A global survey of 2,350 developers, CISOs and application security managers published this week finds that while nearly all respondents (96%) work for organizations that have embedded or connected artificial intelligence (AI) code and tools into some aspect of their application development workflows, nearly half of all code (49%) running in production environments was AI-generated in 2025.
Conducted by the market research firm CensusWide on behalf of Checkmarx, the survey also finds 70% of respondents reporting they are also now discovering more vulnerabilities, with 31% describing that increase as being significant.
On average, developers are spending 49% of their time in a given week on security-related issues, the survey finds. Nearly all said the application security guidance surfaced in integrated development environments (IDEs) is effective, but only 18% continuously scan code as it is being written.
A full 93% also acknowledge their organization has experienced at least one security breach as a direct result of a vulnerable application their organization developed, with three quarters of respondents (75%) admitting they knowingly deploy vulnerable code often or sometimes.
Top reasons cited for shipping vulnerable code was a belief that existing controls would mitigate risks, hopes that the vulnerability would not be discovered (30%) and the need to meet a business, feature, or security-related deadline (27%).
More troubling still, nearly all respondents (95%) said they feel pressure either frequently (47%) or occasionally (48%) to prioritize or delay reporting of a compliance-related security issue.
Jonathan Rende, chief product officer for Checkmarx, said the survey makes it clear that far too many organizations are not rigorously enforcing best DevSecOps practices. With there continuing to be so much emphasis on building new features as quickly as possible, many application development teams are being set up to fail, he added.
In fact, the survey finds only 9% of organizations report fixing more than 90% of vulnerabilities within 90 days. Just over a quarter (28%) said they can remediate fewer than half of the vulnerabilities discovered within that timeframe.

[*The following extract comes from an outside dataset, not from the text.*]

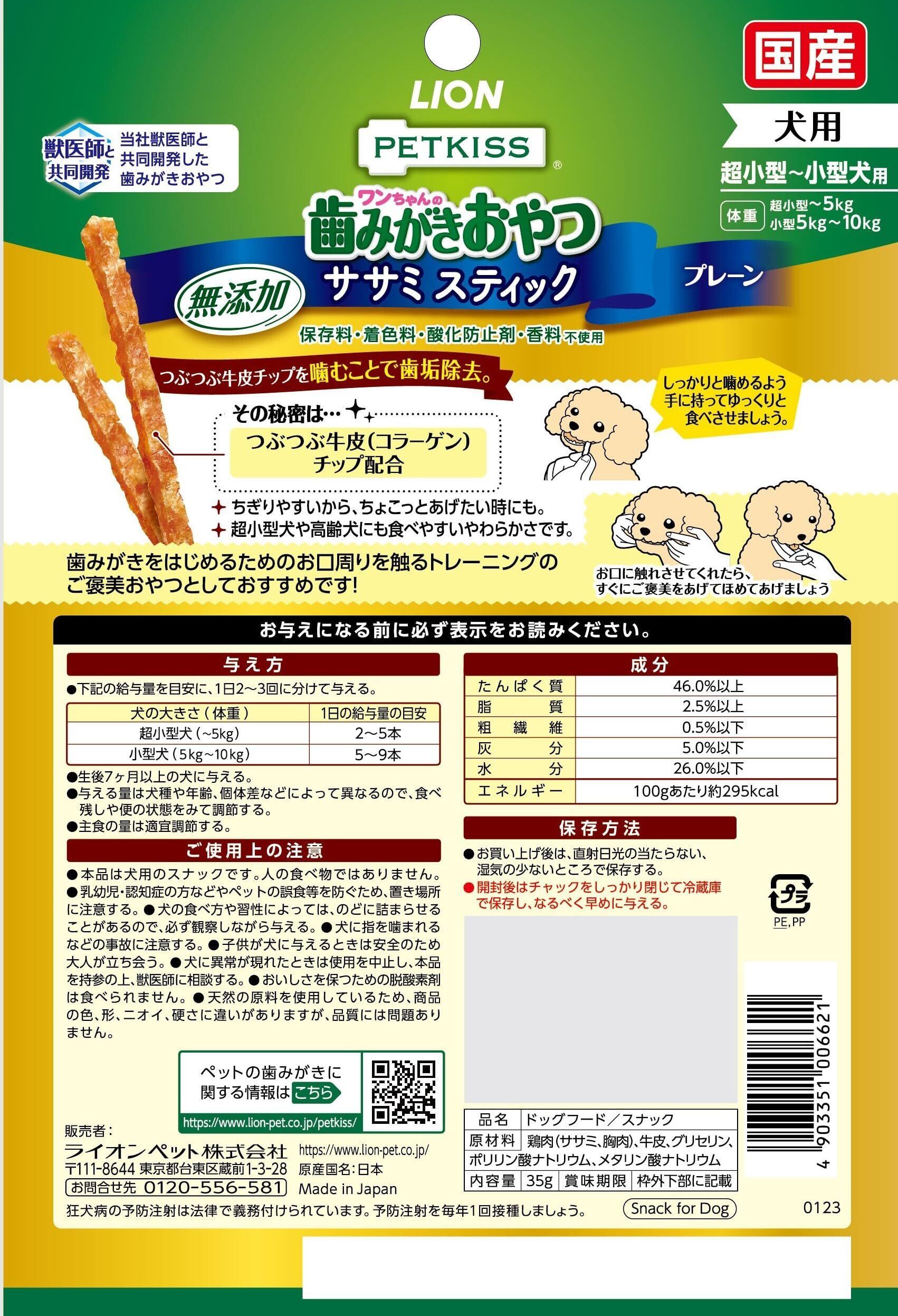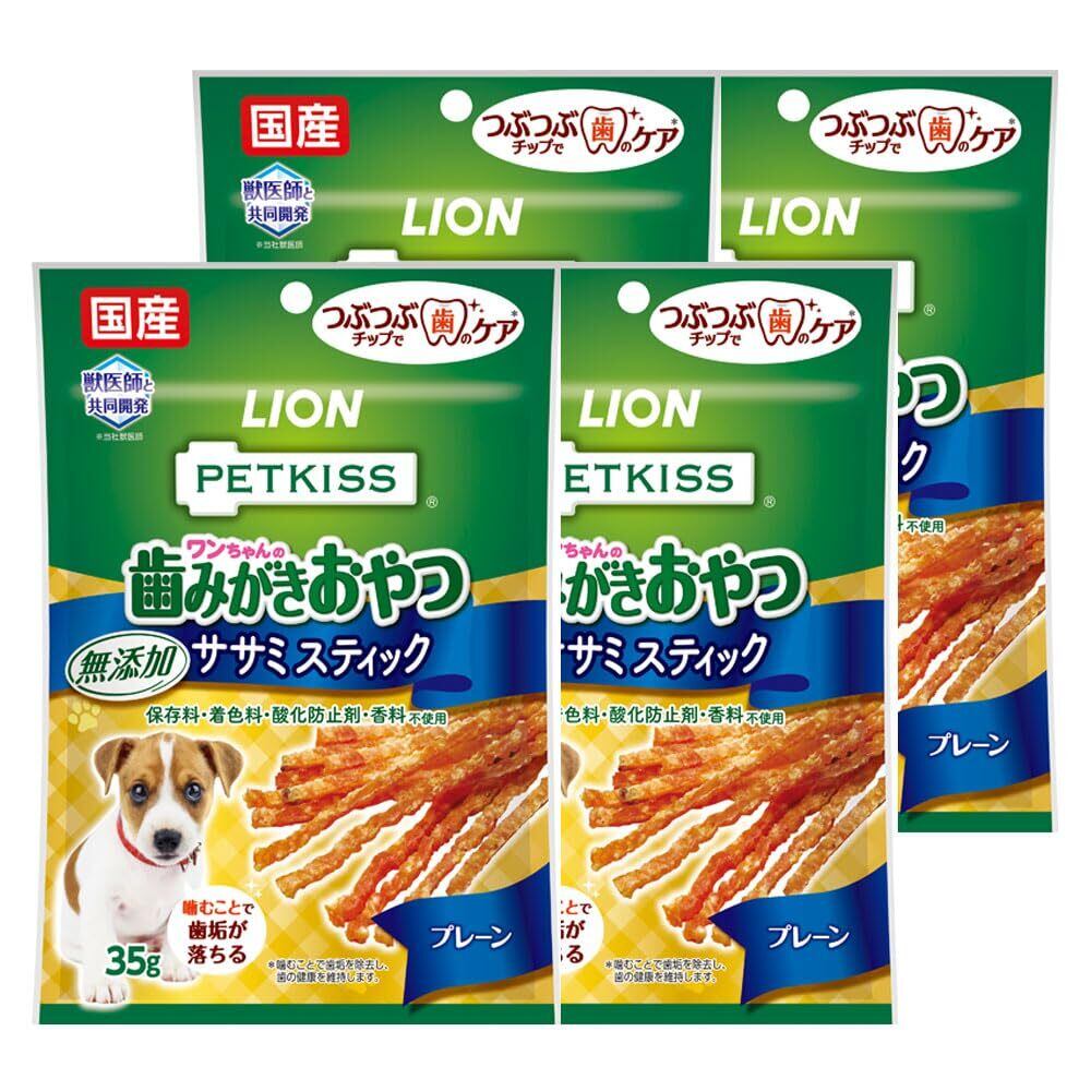 ライオン PETKISS ワンちゃんの歯みがきおやつ 無添加ササミスティック プレーン 4個パック チキン 無添加プレーン 35グラム (x 4) (まとめ買い)

That issue is only going to become all the more pressing as frontier AI models make it simpler to both discover vulnerabilities and create the malware that exploits it, he added. In fact, the survey finds that open source software accounts for on average 59% of the code running in production environments. It is now being discovered, however, that much of that code is rife with vulnerabilities.
Despite the current state of application security, nearly three quarters of respondents (73%) rate the application security posture of their organizations as either being highly mature or advanced. However, nearly half of the respondents with highly mature application security postures experienced three or more breaches in the last 12 months.
There is clearly much work to be done in terms of improving the overall state of DevSecOps within organizations. The issue is that those same organizations in the age of AI are starting to realize that technical security debt that they have been kicking down the proverbial road for years is now coming due a whole lot faster than anyone expected.